Available data>
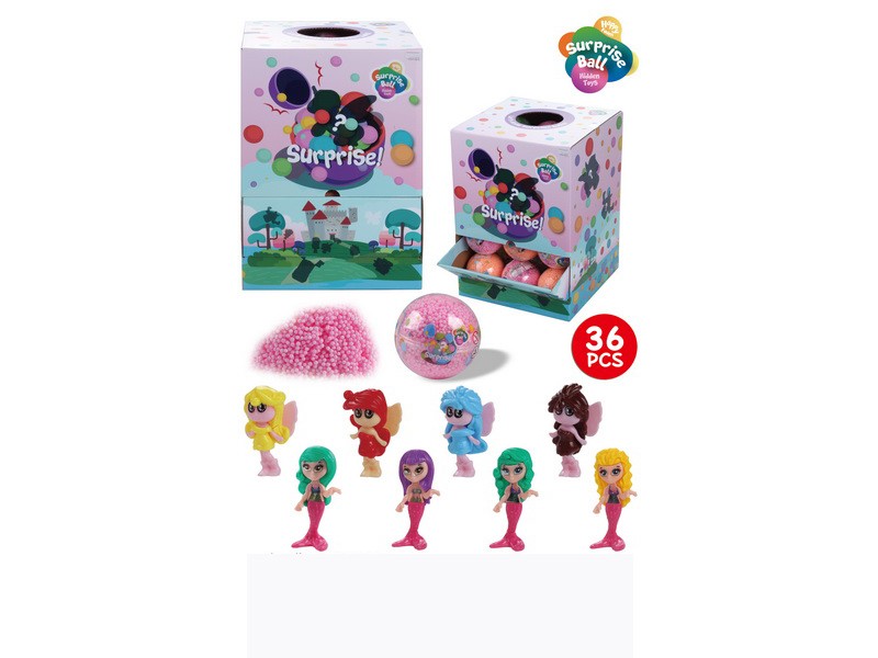 7.5 cm surprise ball w/4 cm diy cartoon mermaid,8 asstd, 6 col ball-pink/blue/green/purple/orange/yellow
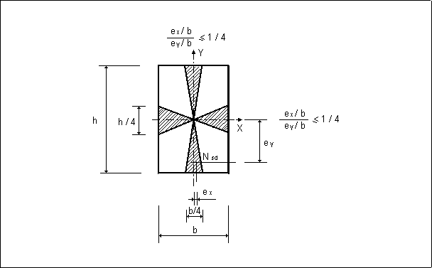Dicha excentricidad debe ser contada a partir del centro de gravedad de la sección bruta y en la dirección más desfavorable de las direcciones principales y sólo en una de ellas.
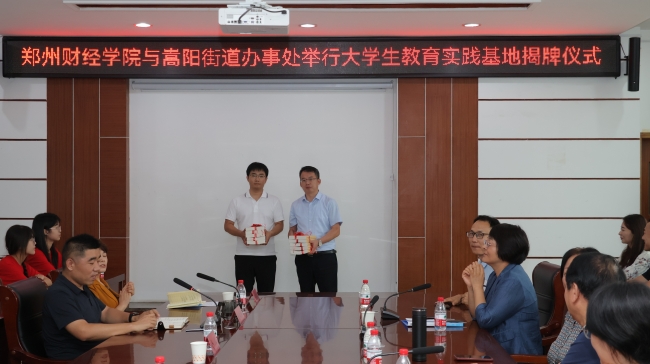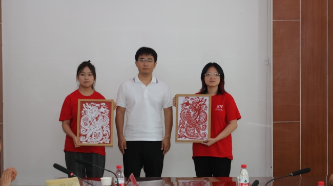 活动最后,登封市政协副主席董辉与万象城副校长陈静共同为教育实践基地揭牌,共青团登封市委向万象城教育学院实践团赠送《习近平著作选读》,实践团成员为共青团登封市委送上精心创作的剪纸作品《龙凤呈祥》。
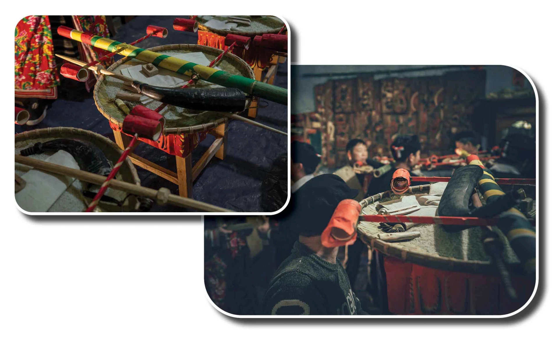 Nếu phần lễ tế là sự tĩnh tại, uy nghiêm thì màn thực hành nghi thức lại là phần hồn cốt sôi động và hào sảng nhất của buổi lễ. Trong không gian đặc quánh mùi hương trầm, tiếng chuông nhạc (Mà lình), tiếng chiêng, tiếng trống dồn dập hòa vào nhau tạo nên một âm hưởng thôi thúc, giục giã.
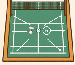 シャトル置きとはコートの中央からコート端の6点に向かってシャトルを置きに行くという練習です。
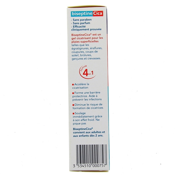 Le gel cicatrisant biseptineCica® accélère la cicatrisation avec un risque diminué de formation de cicatrices.
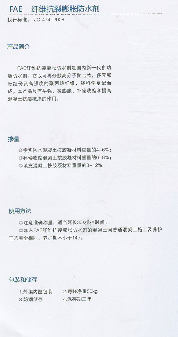 河南聚能合众特种材料 FAE纤维抗裂膨胀防水剂
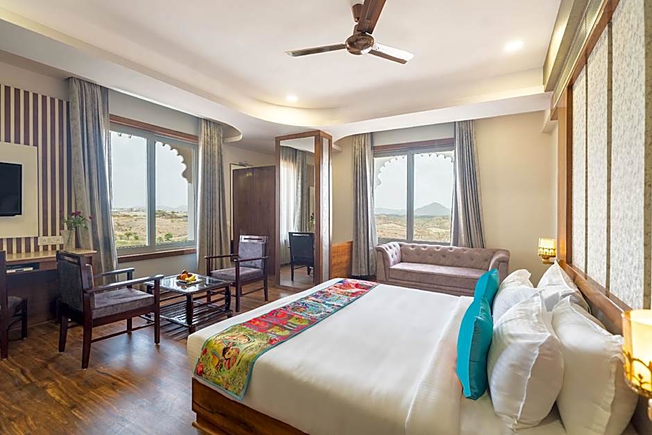 Indulge in a variety of delightful amenities designed for both fun and relaxation. Cool off in the outdoor swimming pools, including one specially for kids, or unwind at the spa when you need some pampering (extra charges apply). Savor delicious meals at the onsite restaurant, stay active at the fitness center, or simply relax on the sun deck or terrace, soaking in the beauty of Udaipur. The hotel also offers conveniences like a 24-hour front desk, room service, and shuttle service (additional charges), ensuring your needs are always met in style and comfort.
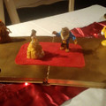 BonsoirVoici mon centre de tableEt mon essai de table de la belle et la bêteIl nous manque la théière et les pétales de rose rouge dans la cloche et pourquoi en mettre un peu sur la table.Il faut...
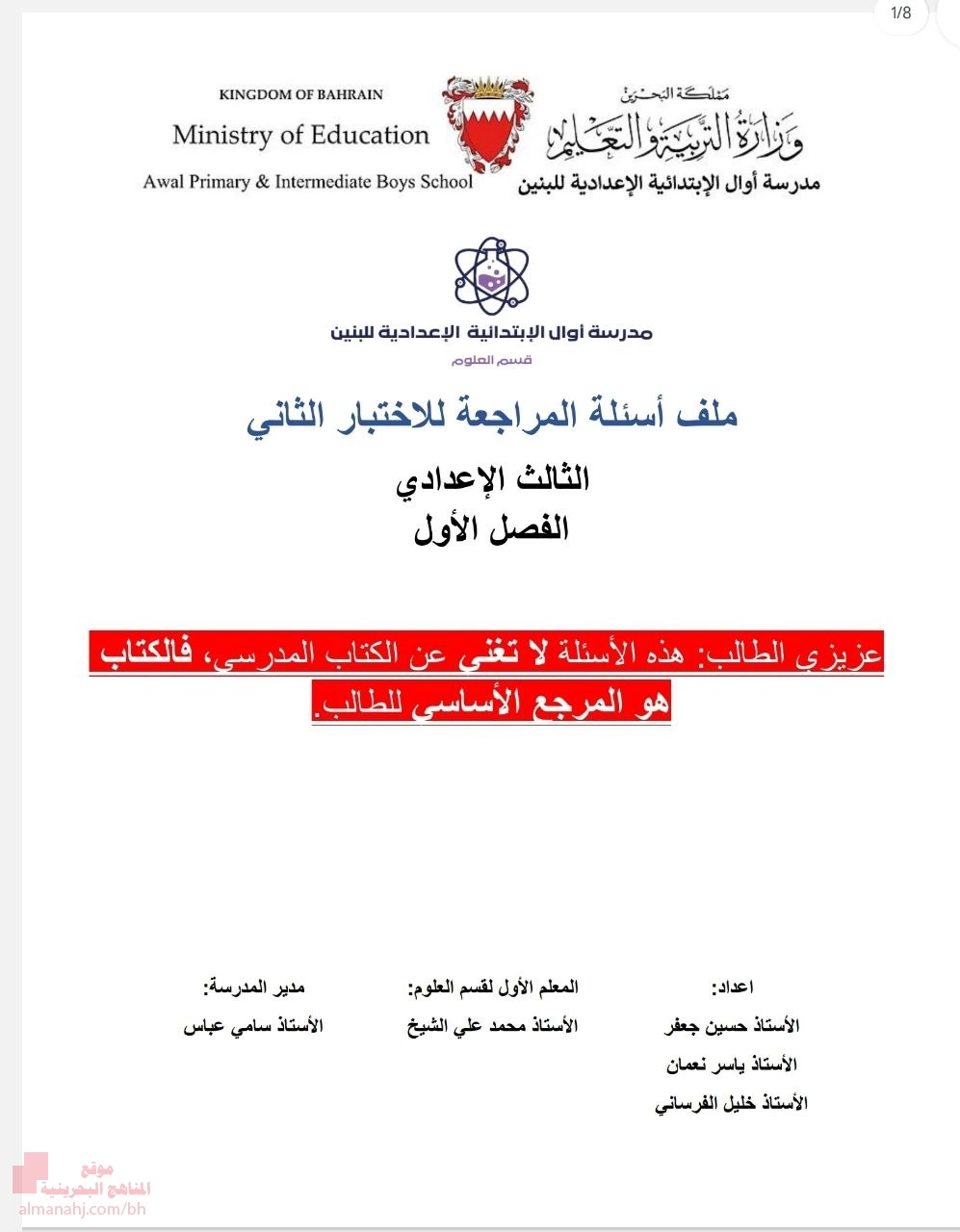 | تنويه: المناهج البحرينية هو موقع مجاني وغير رسمي ولا يتطلب اشتراك لتحميل الملفات، لذلك يرجى عدم دفع أي مبلغ أو الاشتراك من أجل تحميل الملفات. | |
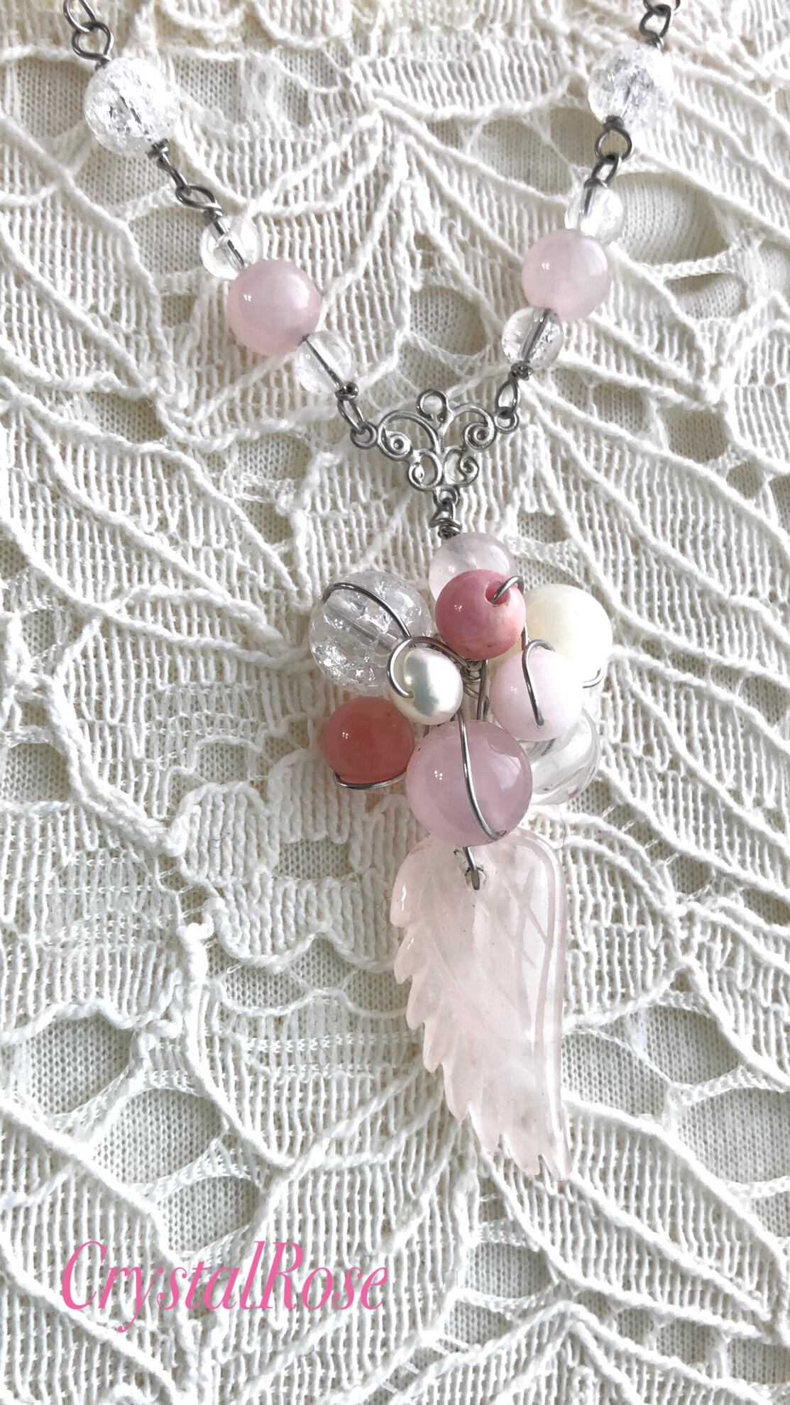 ローズクォーツの天使の羽が可愛いネックレスです。

Aim of the task>
Retype exactly. Include each line from the start of the material through the line holding "Dicha excentricidad debe", and leave the pictures out.

Response box>
 7.5 cm surprise ball w/4 cm diy cartoon mermaid,8 asstd, 6 col ball-pink/blue/green/purple/orange/yellow
Dicha excentricidad debe ser contada a partir del centro de gravedad de la sección bruta y en la dirección más desfavorable de las direcciones principales y sólo en una de ellas.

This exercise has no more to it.